◆ Available data
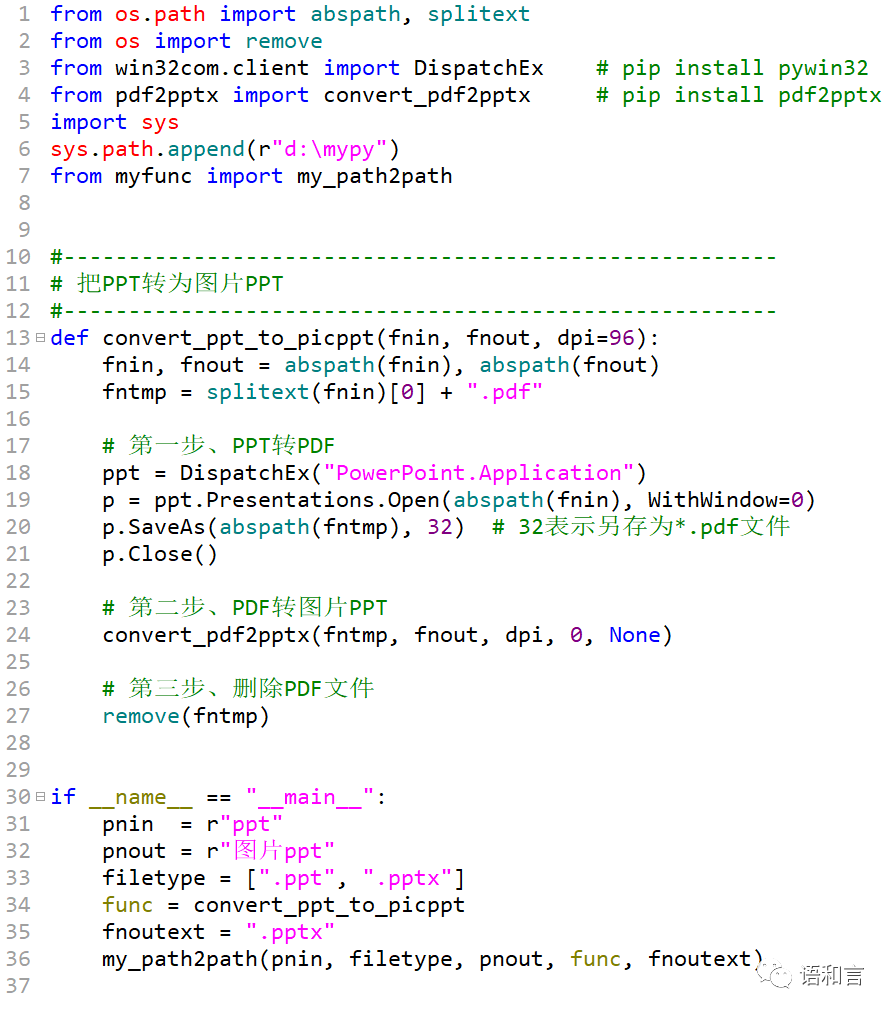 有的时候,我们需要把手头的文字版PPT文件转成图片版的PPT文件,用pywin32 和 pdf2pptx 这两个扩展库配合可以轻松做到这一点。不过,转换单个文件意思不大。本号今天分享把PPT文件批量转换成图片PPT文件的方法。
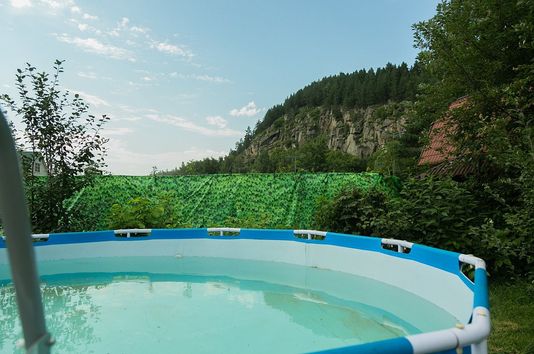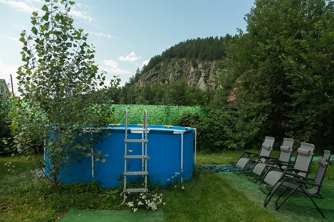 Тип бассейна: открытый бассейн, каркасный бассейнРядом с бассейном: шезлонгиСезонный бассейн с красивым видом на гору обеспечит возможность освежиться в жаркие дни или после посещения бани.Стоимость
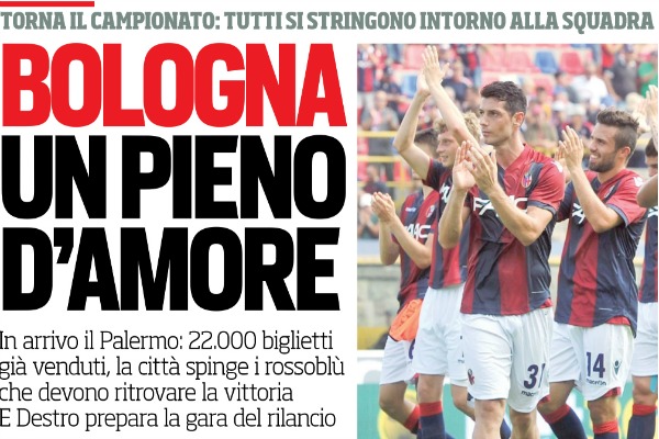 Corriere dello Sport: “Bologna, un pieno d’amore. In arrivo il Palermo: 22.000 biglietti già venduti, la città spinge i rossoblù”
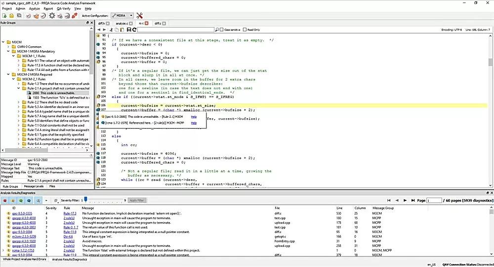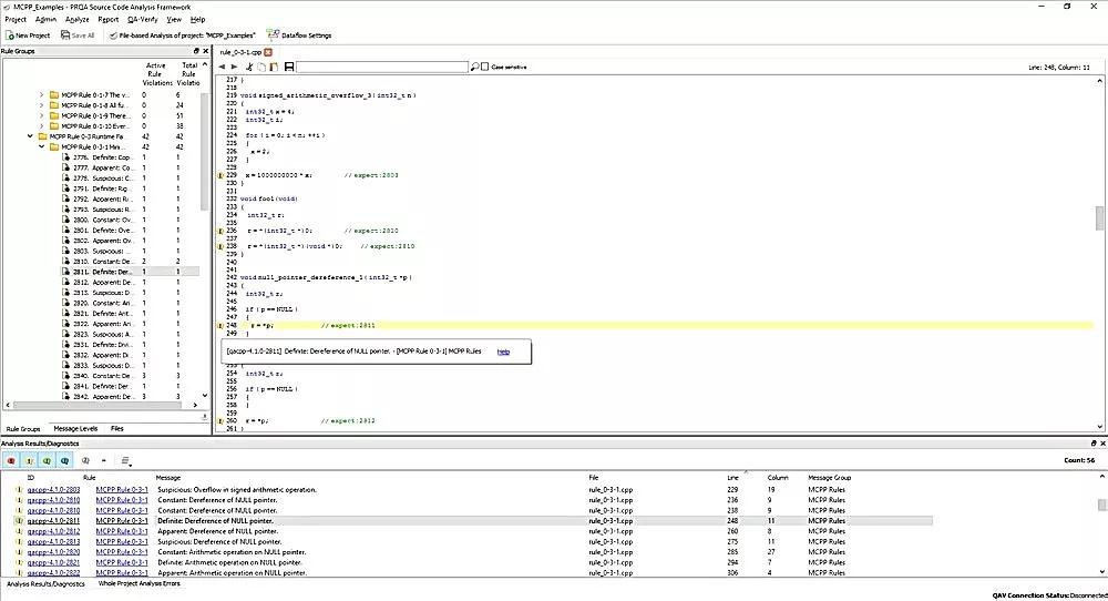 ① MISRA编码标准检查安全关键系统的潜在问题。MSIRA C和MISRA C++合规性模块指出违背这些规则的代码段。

◆ Directions for this task
Take the line containing "un pieno d’amore." and all lines after it to the end of the data above, and reproduce them exactly, leaving out pictures. Nothing else belongs in the copy.

◆ Answer for this exercise
 Corriere dello Sport: “Bologna, un pieno d’amore. In arrivo il Palermo: 22.000 biglietti già venduti, la città spinge i rossoblù”
 ① MISRA编码标准检查安全关键系统的潜在问题。MSIRA C和MISRA C++合规性模块指出违背这些规则的代码段。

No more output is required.